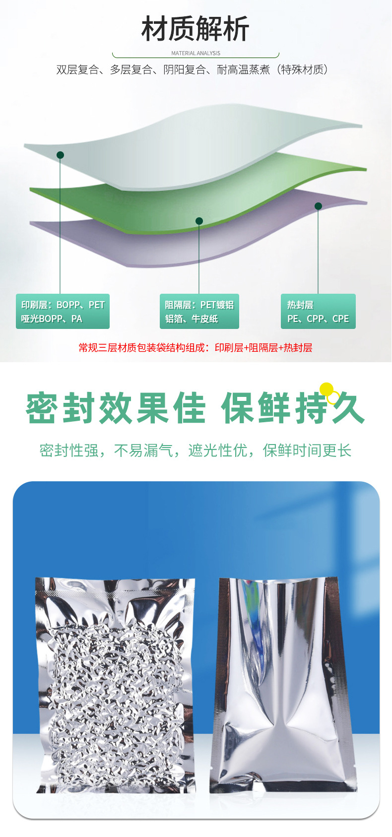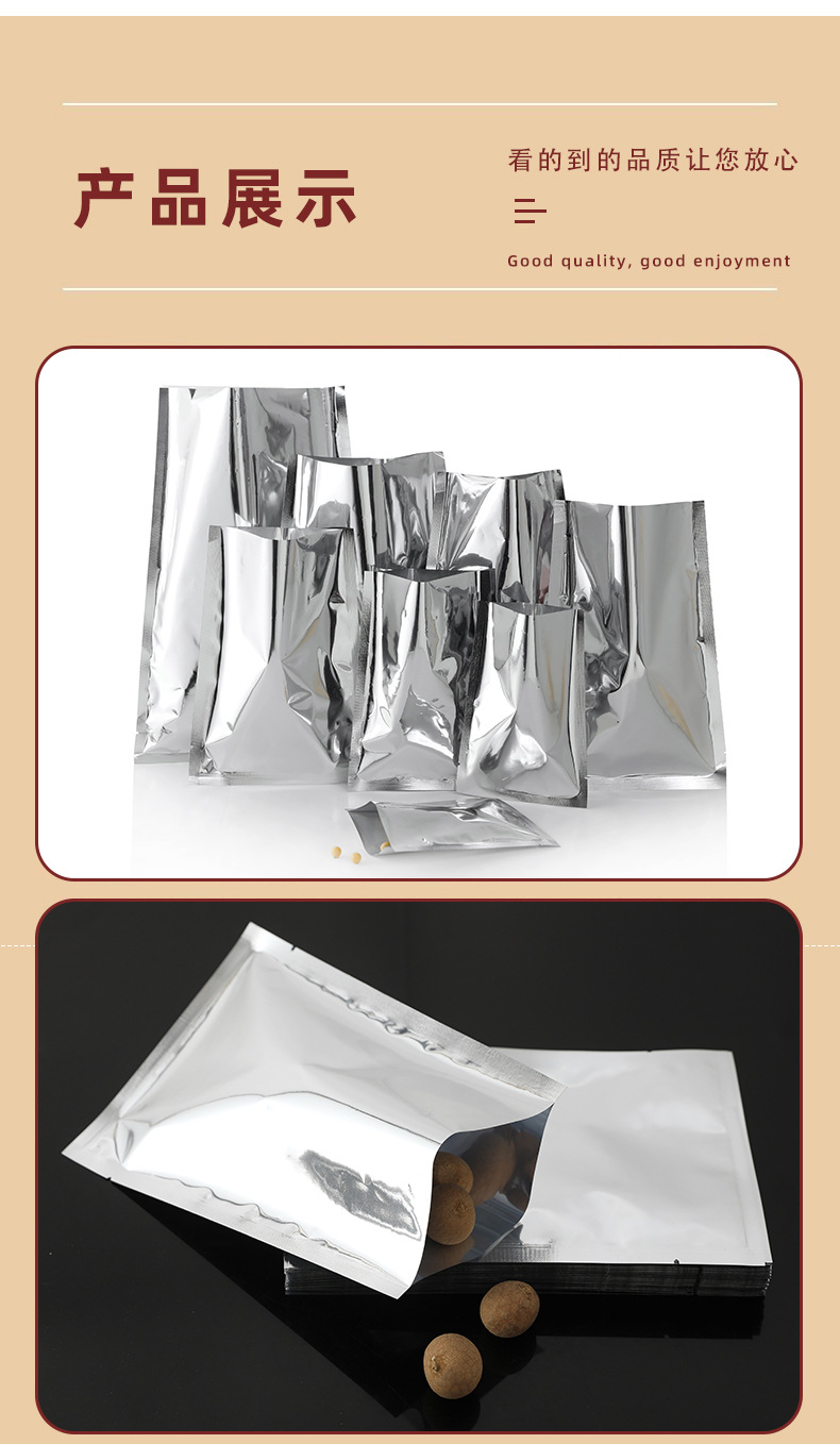 アルミ蒸着ブラインドバッグ、空包装袋、平口真空袋、おもちゃ袋、茶葉袋、マスク袋、食品包装袋、アルミ箔袋
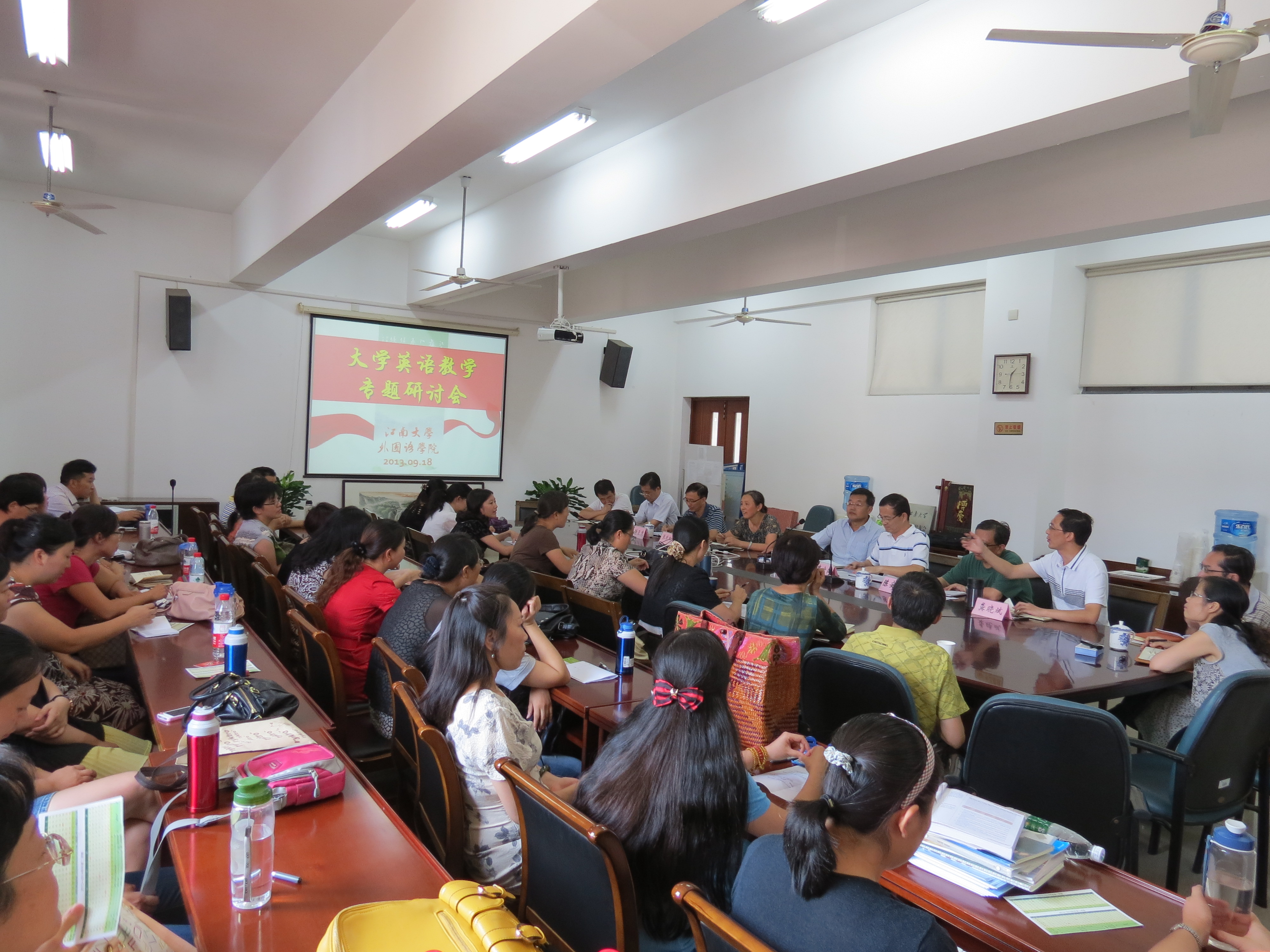 9月18日下午,纪志成副董事长在教务处处长崔宝同、副处长陈安军、谢卫忠等陪同下到william威廉中文官网,就深化《大学英语》课程教学改革,坚持内涵式发展,优化学科专业和人才培养结构,巩固大学英语基础地位,推进文化传承创新,提高人才培养质量,推动公司国际化进程和研究型大学建设进行了专题调研。william威廉中文官网书记张晓虹、经理龚晓斌、副书记汪双喜、副经理顾琦一、李健雪、方文开及大学英语任课教师代表等40余人参加了座谈。座谈会由教务处崔宝同处长主持。
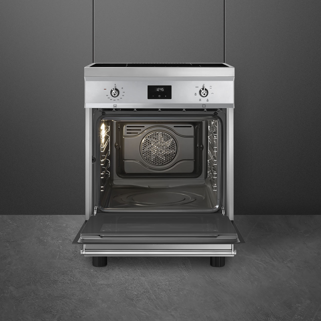 - Духовка имеет конвектор, оснащенный круглым нагревательным элементом, позволяющий готовить с перемешиванием потоков теплого воздуха
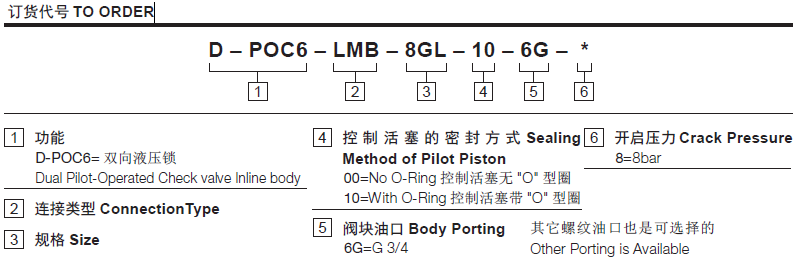 流量请查看《压力-流量曲线图》过滤参考《油液清洁度》最大工作压力350Bar单向阀开启压力8=8bar内泄漏3 drops/min(滴/分). max. at 350 bar控制比4:1温度-40°F to +250°F(-40°C to +120°C)油液Mineral-based fluids with viscosities of 7.4 to 420 cSt.(矿物油粘度)阀块材料钢和球铁允许使用最大压力350bar -
********
• [PROBLEM REQUIREMENTS] Across all the lines above, repeat the wording exactly and omit the pictures.

• [EXERCISE OUTPUT]
 アルミ蒸着ブラインドバッグ、空包装袋、平口真空袋、おもちゃ袋、茶葉袋、マスク袋、食品包装袋、アルミ箔袋
 9月18日下午,纪志成副董事长在教务处处长崔宝同、副处长陈安军、谢卫忠等陪同下到william威廉中文官网,就深化《大学英语》课程教学改革,坚持内涵式发展,优化学科专业和人才培养结构,巩固大学英语基础地位,推进文化传承创新,提高人才培养质量,推动公司国际化进程和研究型大学建设进行了专题调研。william威廉中文官网书记张晓虹、经理龚晓斌、副书记汪双喜、副经理顾琦一、李健雪、方文开及大学英语任课教师代表等40余人参加了座谈。座谈会由教务处崔宝同处长主持。
 - Духовка имеет конвектор, оснащенный круглым нагревательным элементом, позволяющий готовить с перемешиванием потоков теплого воздуха
 流量请查看《压力-流量曲线图》过滤参考《油液清洁度》最大工作压力350Bar单向阀开启压力8=8bar内泄漏3 drops/min(滴/分). max. at 350 bar控制比4:1温度-40°F to +250°F(-40°C to +120°C)油液Mineral-based fluids with viscosities of 7.4 to 420 cSt.(矿物油粘度)阀块材料钢和球铁允许使用最大压力350bar -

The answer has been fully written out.